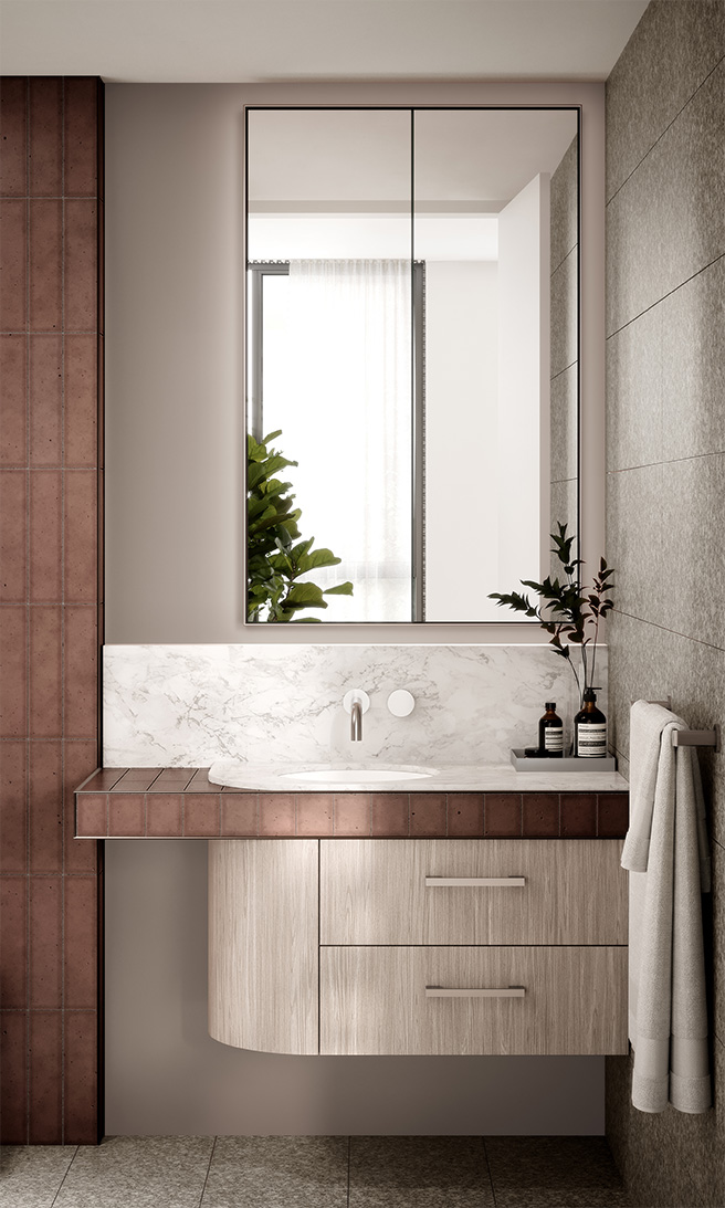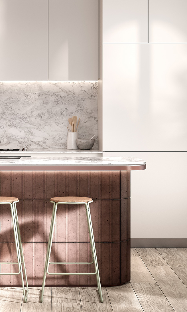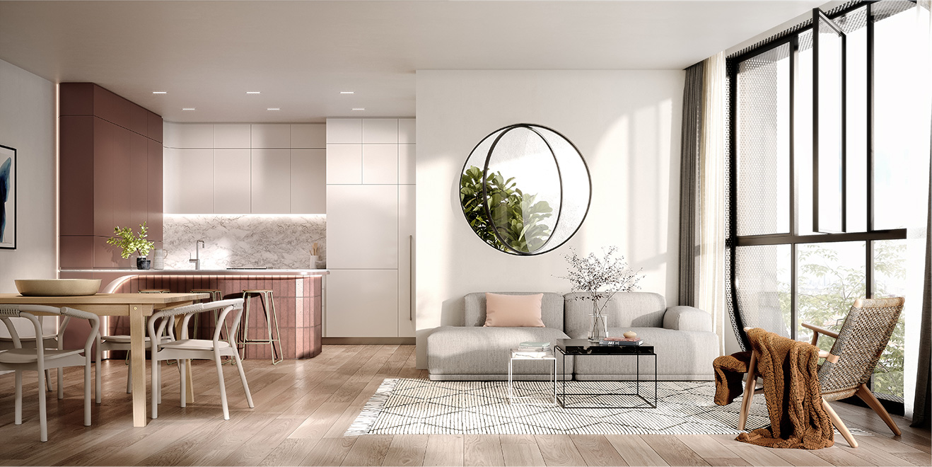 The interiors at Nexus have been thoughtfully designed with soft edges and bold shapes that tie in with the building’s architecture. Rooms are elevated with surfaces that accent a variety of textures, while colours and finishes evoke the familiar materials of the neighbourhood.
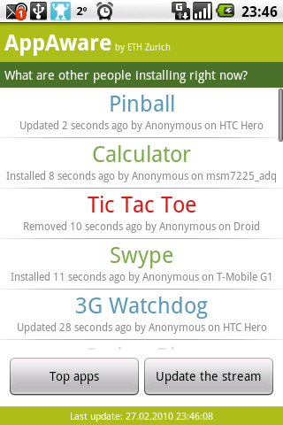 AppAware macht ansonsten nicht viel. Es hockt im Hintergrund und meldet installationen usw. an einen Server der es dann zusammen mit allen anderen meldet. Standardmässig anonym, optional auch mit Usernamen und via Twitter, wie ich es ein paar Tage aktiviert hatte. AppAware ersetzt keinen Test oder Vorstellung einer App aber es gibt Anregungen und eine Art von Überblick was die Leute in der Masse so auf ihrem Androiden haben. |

━━━━━━━━━━━━━━━━

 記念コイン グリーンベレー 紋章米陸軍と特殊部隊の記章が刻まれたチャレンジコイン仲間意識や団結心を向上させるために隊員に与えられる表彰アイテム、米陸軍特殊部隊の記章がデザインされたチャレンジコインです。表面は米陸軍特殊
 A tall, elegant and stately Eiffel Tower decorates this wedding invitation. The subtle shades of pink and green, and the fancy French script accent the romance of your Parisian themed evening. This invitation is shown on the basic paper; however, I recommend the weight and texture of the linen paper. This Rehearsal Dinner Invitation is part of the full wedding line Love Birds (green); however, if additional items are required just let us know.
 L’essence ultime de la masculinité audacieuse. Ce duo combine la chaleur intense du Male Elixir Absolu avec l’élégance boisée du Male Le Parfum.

━━━━━━━━━━━━━━━━

• [What is needed]: All that should appear in the answer is the lines above from the line with "The interiors at" through the line with "AppAware macht ansonsten", retyped exactly, pictures left out.

• [Your solution]:
 The interiors at Nexus have been thoughtfully designed with soft edges and bold shapes that tie in with the building’s architecture. Rooms are elevated with surfaces that accent a variety of textures, while colours and finishes evoke the familiar materials of the neighbourhood.
 AppAware macht ansonsten nicht viel. Es hockt im Hintergrund und meldet installationen usw. an einen Server der es dann zusammen mit allen anderen meldet. Standardmässig anonym, optional auch mit Usernamen und via Twitter, wie ich es ein paar Tage aktiviert hatte. AppAware ersetzt keinen Test oder Vorstellung einer App aber es gibt Anregungen und eine Art von Überblick was die Leute in der Masse so auf ihrem Androiden haben. |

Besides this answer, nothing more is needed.